** TASK OBJECTIVE **
All entries below are to be written out again exactly, but no picture is to be copied.

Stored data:
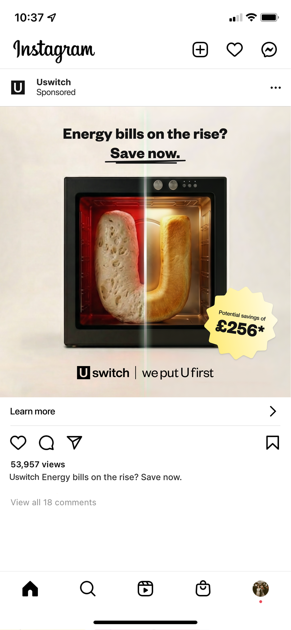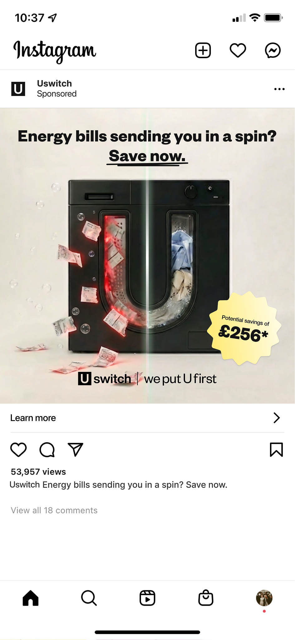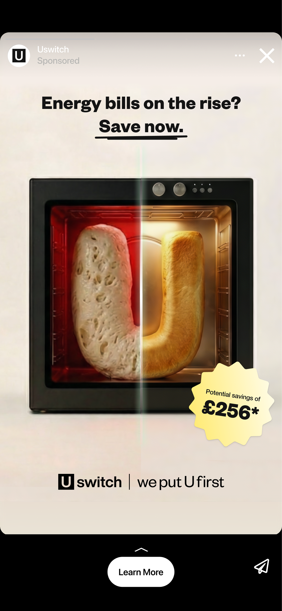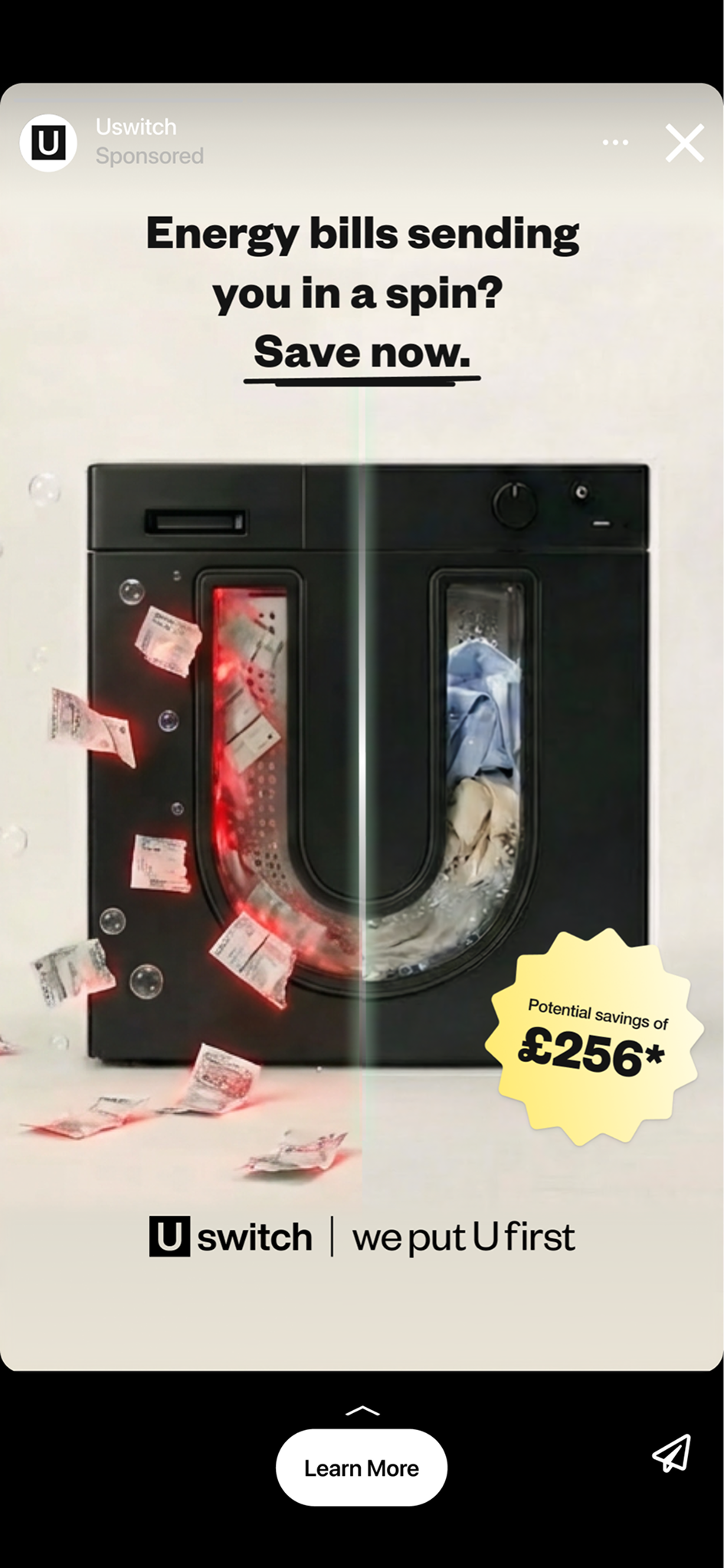 I explored how to visualise the emotional burden of high energy costs in a simple, relatable way. Household appliances were shaped into the Uswitch “U” logo, serving as a visual metaphor for everyday frustration with energy bills. For the video assets, ads followed a three-part storytelling structure, in line with Google’s ABCD (Attention, Branding, Connection, Direction) best practices:
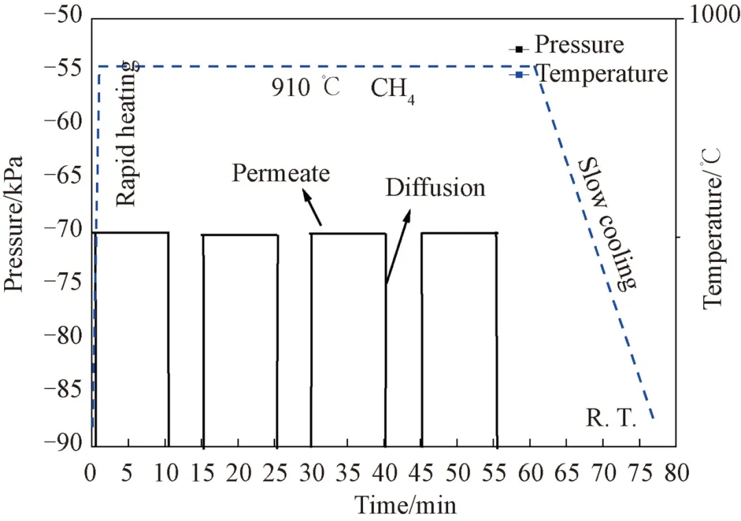 试验用材为TC6 合金(其化学成分的质量分数为Al: 5.5%~7.6%, Mo: 2.0%~3.0%,Cr:0.8%~2.3%,Fe:0.2%~0.7%,Si:0.15%~0.40%,C≤0.10%,N≤0.05%,O≤0.15%,H≤0.015%和余量Ti),样品规格为 Φ15 mm × 5 mm。在试样进行渗碳处理前,先对其表面进行打磨、抛光和清洗。渗碳工艺如图1 所示,将试样放入感应加热反应炉内进行真空处理,加热试样至目标温度,使用-70 kPa的CH4 作为渗碳介质,进行10 min的强渗及5 min扩散的交替式循环处理1 h,结束后随炉冷却至室温取样。
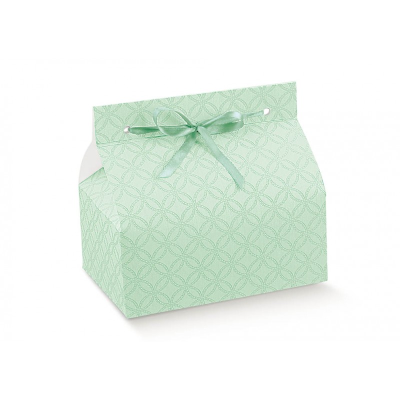 Scatola regalo CHIC con finitura trapuntata in colore verdino. Dimensioni: 140x90x60mm. Ideale per dolci eleganti o piccoli regali.
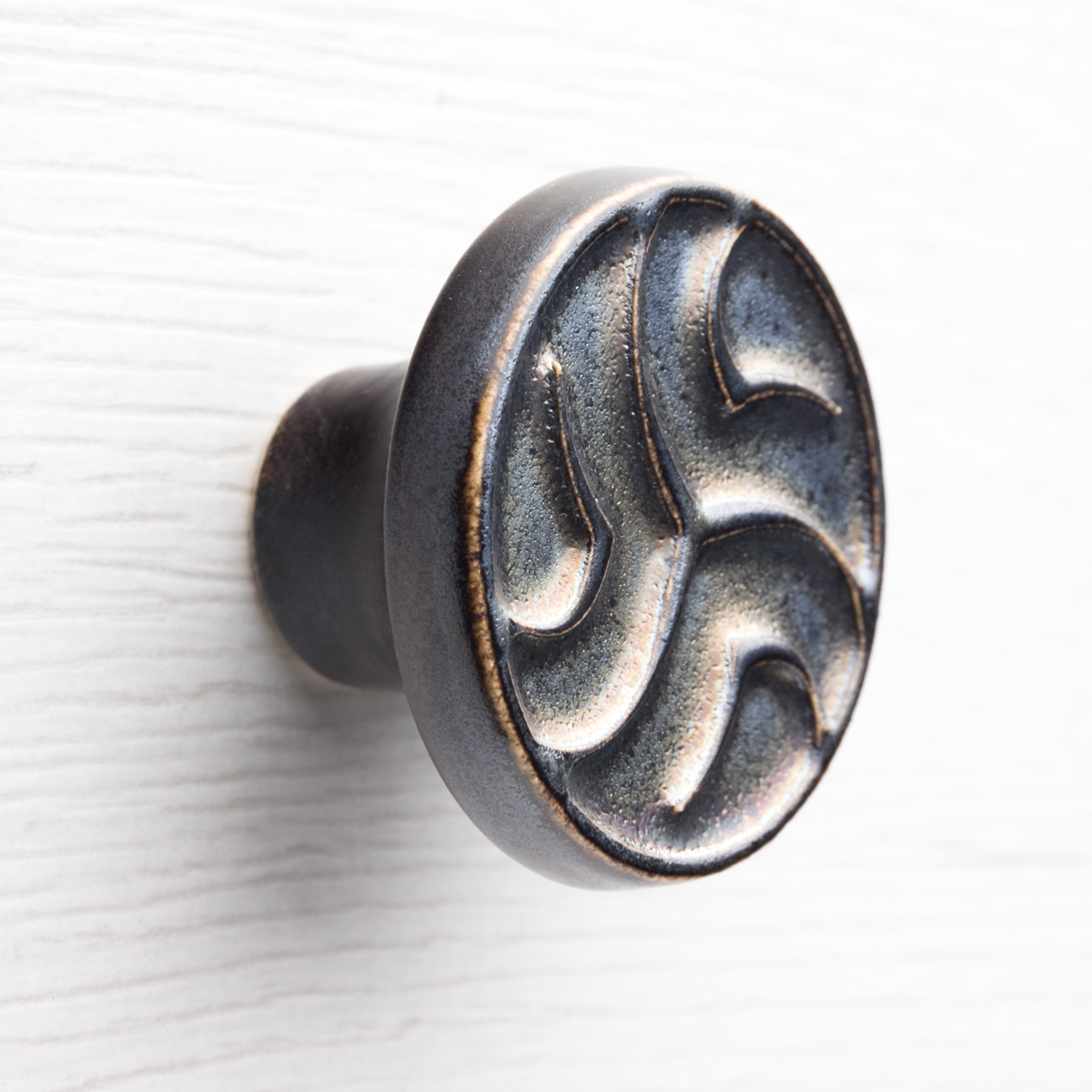 Ceramiczna gałka do mebli z lekko wypukłym ornamentem. Ręcznie wykonana z jasnej gliny, pokryta matowym szkliwem.
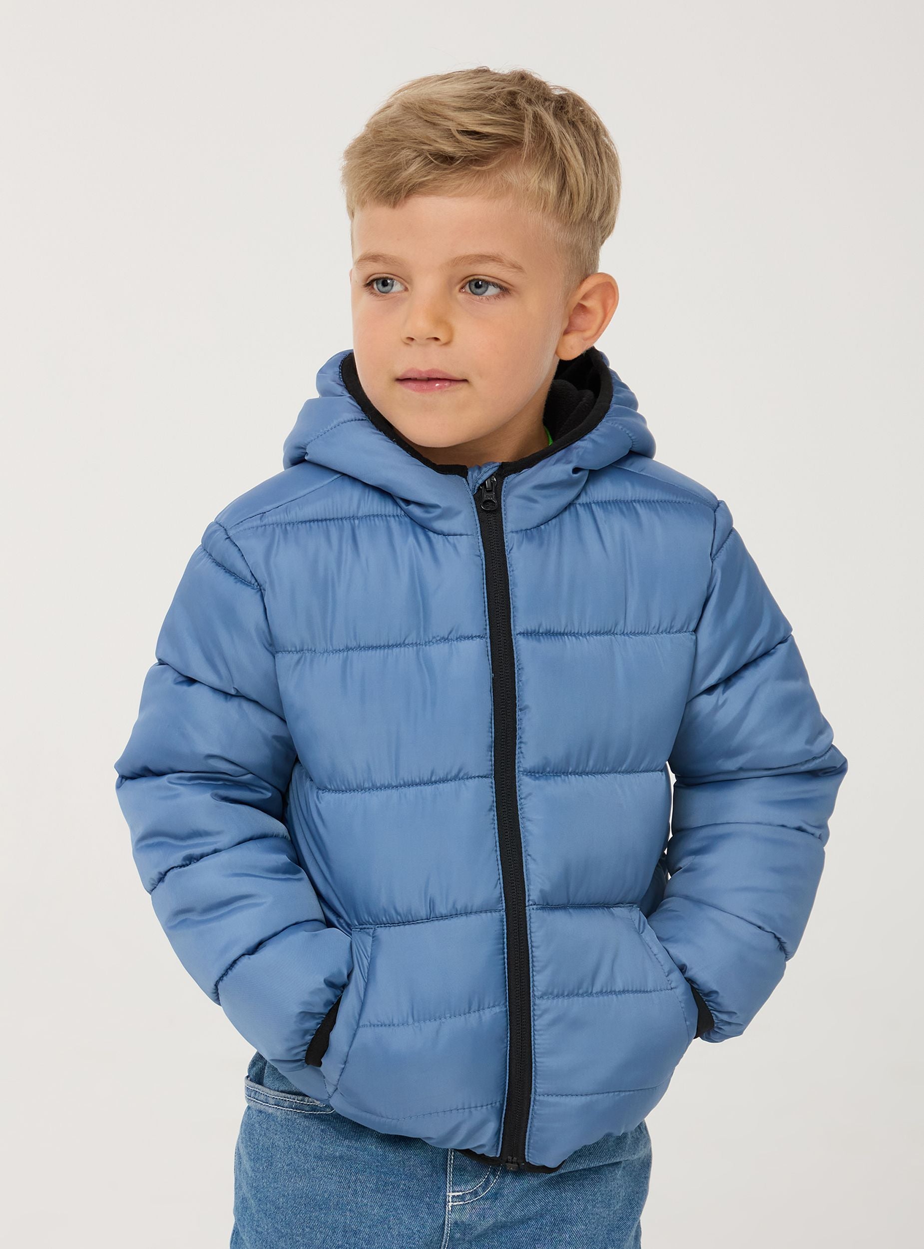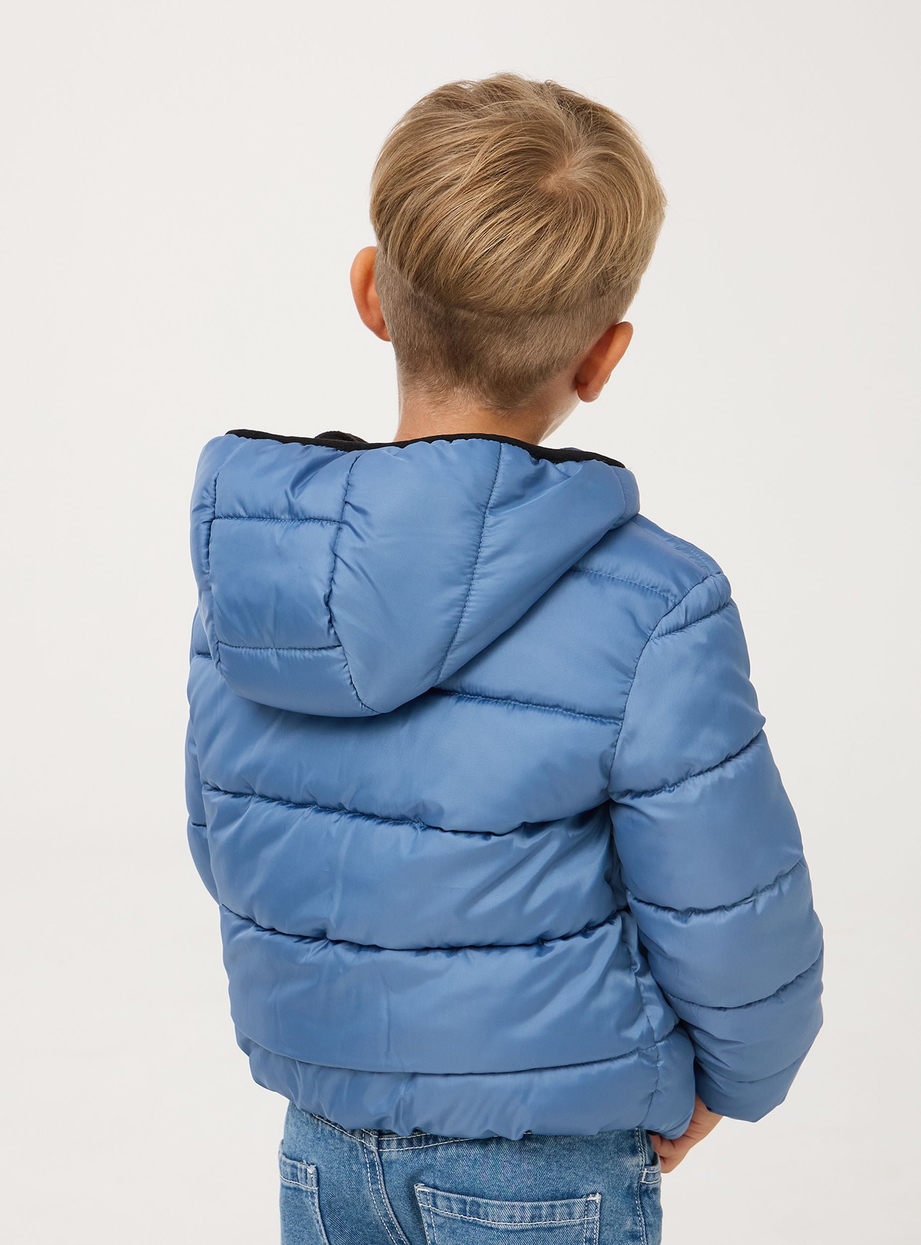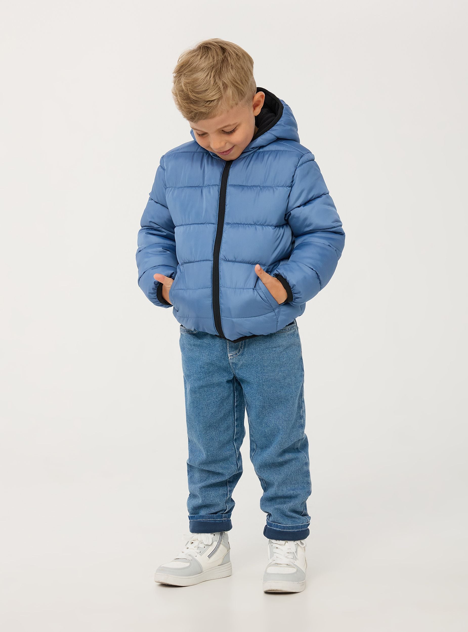 Giubbotto imbottito pesante corto da bambino. Superficie liscia e finitura lucida. Design con cappuccio integrato e zip frontale a tutta lunghezza. Cuciture orizzontali trapuntate aggiungono un tocco sportivo. La vestibilità è comoda, perfetta per giornate casual invernali. Include due tasche laterali per praticità. Ideale per occasioni quotidiane, passeggiate in città o attività all'aperto.

** TASK RESPONSE **
 I explored how to visualise the emotional burden of high energy costs in a simple, relatable way. Household appliances were shaped into the Uswitch “U” logo, serving as a visual metaphor for everyday frustration with energy bills. For the video assets, ads followed a three-part storytelling structure, in line with Google’s ABCD (Attention, Branding, Connection, Direction) best practices:
 试验用材为TC6 合金(其化学成分的质量分数为Al: 5.5%~7.6%, Mo: 2.0%~3.0%,Cr:0.8%~2.3%,Fe:0.2%~0.7%,Si:0.15%~0.40%,C≤0.10%,N≤0.05%,O≤0.15%,H≤0.015%和余量Ti),样品规格为 Φ15 mm × 5 mm。在试样进行渗碳处理前,先对其表面进行打磨、抛光和清洗。渗碳工艺如图1 所示,将试样放入感应加热反应炉内进行真空处理,加热试样至目标温度,使用-70 kPa的CH4 作为渗碳介质,进行10 min的强渗及5 min扩散的交替式循环处理1 h,结束后随炉冷却至室温取样。
 Scatola regalo CHIC con finitura trapuntata in colore verdino. Dimensioni: 140x90x60mm. Ideale per dolci eleganti o piccoli regali.
 Ceramiczna gałka do mebli z lekko wypukłym ornamentem. Ręcznie wykonana z jasnej gliny, pokryta matowym szkliwem.
 Giubbotto imbottito pesante corto da bambino. Superficie liscia e finitura lucida. Design con cappuccio integrato e zip frontale a tutta lunghezza. Cuciture orizzontali trapuntate aggiungono un tocco sportivo. La vestibilità è comoda, perfetta per giornate casual invernali. Include due tasche laterali per praticità. Ideale per occasioni quotidiane, passeggiate in città o attività all'aperto.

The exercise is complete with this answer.